** Opening Available data block **
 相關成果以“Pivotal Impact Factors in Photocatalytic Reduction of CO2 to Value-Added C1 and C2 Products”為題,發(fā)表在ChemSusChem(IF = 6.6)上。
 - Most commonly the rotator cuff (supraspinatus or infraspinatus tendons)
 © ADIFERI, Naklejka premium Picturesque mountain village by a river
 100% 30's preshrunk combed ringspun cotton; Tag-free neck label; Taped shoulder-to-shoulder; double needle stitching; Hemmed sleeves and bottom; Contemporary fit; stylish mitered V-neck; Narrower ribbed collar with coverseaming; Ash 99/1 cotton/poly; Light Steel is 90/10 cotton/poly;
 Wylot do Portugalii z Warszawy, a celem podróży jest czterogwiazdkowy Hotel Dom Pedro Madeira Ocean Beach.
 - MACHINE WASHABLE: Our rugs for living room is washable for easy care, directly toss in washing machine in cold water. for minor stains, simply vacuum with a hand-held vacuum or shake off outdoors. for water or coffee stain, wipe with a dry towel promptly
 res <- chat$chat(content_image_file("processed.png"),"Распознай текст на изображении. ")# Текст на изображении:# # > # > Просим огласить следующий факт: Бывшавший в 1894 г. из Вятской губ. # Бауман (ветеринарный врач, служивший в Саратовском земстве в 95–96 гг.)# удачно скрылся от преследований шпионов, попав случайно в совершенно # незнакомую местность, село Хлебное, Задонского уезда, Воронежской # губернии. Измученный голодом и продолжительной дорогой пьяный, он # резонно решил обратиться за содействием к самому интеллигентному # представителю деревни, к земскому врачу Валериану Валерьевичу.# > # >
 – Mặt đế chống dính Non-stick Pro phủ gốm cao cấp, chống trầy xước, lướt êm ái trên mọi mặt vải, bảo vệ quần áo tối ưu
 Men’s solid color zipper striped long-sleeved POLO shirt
** Closing Available data block **
** Opening Available data block **
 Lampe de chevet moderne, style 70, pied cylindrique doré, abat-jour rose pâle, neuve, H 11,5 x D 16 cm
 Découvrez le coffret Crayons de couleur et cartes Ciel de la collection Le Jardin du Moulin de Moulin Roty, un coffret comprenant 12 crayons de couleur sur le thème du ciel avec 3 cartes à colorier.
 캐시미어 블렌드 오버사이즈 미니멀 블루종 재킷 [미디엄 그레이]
** Closing Available data block **
** Opening Available data block **
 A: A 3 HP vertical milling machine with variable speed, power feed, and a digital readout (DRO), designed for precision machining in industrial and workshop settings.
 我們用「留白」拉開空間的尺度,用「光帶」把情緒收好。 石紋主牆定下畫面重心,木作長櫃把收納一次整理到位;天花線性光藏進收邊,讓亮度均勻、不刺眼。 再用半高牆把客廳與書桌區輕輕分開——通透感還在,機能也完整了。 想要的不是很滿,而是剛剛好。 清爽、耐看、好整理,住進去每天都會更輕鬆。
** Closing Available data block **
Exercise description >>
Go through the listing above and list every line that has the word "machine".

Answer for this exercise >>
 - MACHINE WASHABLE: Our rugs for living room is washable for easy care, directly toss in washing machine in cold water. for minor stains, simply vacuum with a hand-held vacuum or shake off outdoors. for water or coffee stain, wipe with a dry towel promptly
 A: A 3 HP vertical milling machine with variable speed, power feed, and a digital readout (DRO), designed for precision machining in industrial and workshop settings.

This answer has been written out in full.